I hope you’ve tucked into that steak sandwich now? I hear you re: the anti biotics. Most give me diarrhoea or like you, nausea. Yeah soldiering on, we are expected to soldier on! My brother gave us some Christmas money this week. No “ how are you? ” no “ sorry life is fucking shit and you can’t work and you have a scan next week and results after that ( which will be shit) Nothing.
I can’t even join the FB group for this cancer as they are all dying ( literally) and I can’t face that yet.

@EachandEveryone I echo what @balkanscot and @Sausagesforever have said. I’m angry they have left you in this state. It’s inhumane and I feel they shouldn’t be leaving you like this? How can you travel with this wound? Can you walk? I’d be inclined to rattle some cages tomorrow to get this sorted.

@Sausagesforever FIL sounds a pain? I hope he behaves! I think 3 nights/ 2 days is plenty.

It will just be the 4 of us this Christmas. I will try and see my parents in January
( pain depending) I’ve a CT on New Years Eve, which I am not looking forward to!

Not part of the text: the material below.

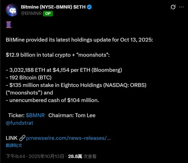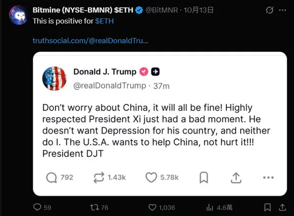 BitMine的官方X帳號也分享此文,並評論這對以太幣是正面消息。
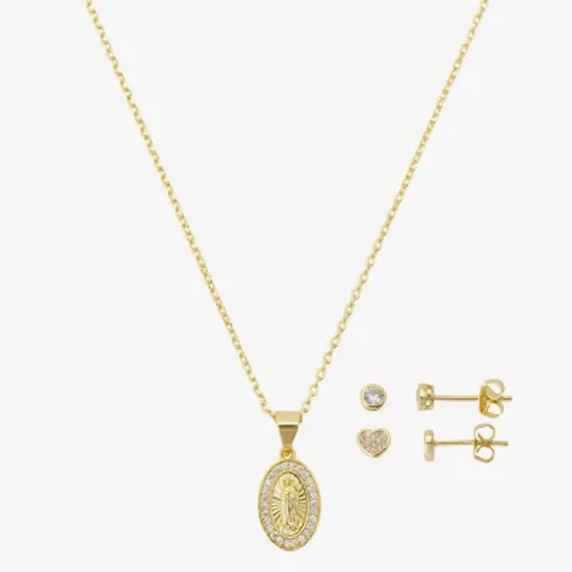Gratitude & Grace Virgin Mary Our Lady Of Guadalupe Girls Cubic Zirconia 14K Gold Over Brass Heart 3-pc. Jewelry Set

@sellotapechickenI hope DH is being reasonable now? Are you doing surgical work now? ( I think you said you did an operation this week).

EachandEveryone · 21/12/2025 16:16

No I see the district nurse daily and the tvn weekly they honestly don’t do anything except dress it and then the dressing falls off due to all the leaking. She told me the tumour felt very hards today. I don’t know if the immunotherapy is working or not

Enigma54 · 21/12/2025 16:20

EachandEveryone · 21/12/2025 16:16

No I see the district nurse daily and the tvn weekly they honestly don’t do anything except dress it and then the dressing falls off due to all the leaking. She told me the tumour felt very hards today. I don’t know if the immunotherapy is working or not

They think it’s okay for you to have to wear nappies and large pads? What is the fluid? Is it from the tumour itself? x

Sausagesforever · 21/12/2025 23:14

After a week in hospital & nearly 3 weeks in bed at home, I finally went swimming again today. I’m your typical post menopausal cold water swimmer. It was so good to be back in a lake. I had to double dose my morphine afterwards & go to bed at 5.30pm but I’m taking the win.
i have my carer for the day tomorrow, so tempted to get her to wrap my Christmas presents because I’m lazy & incompetent.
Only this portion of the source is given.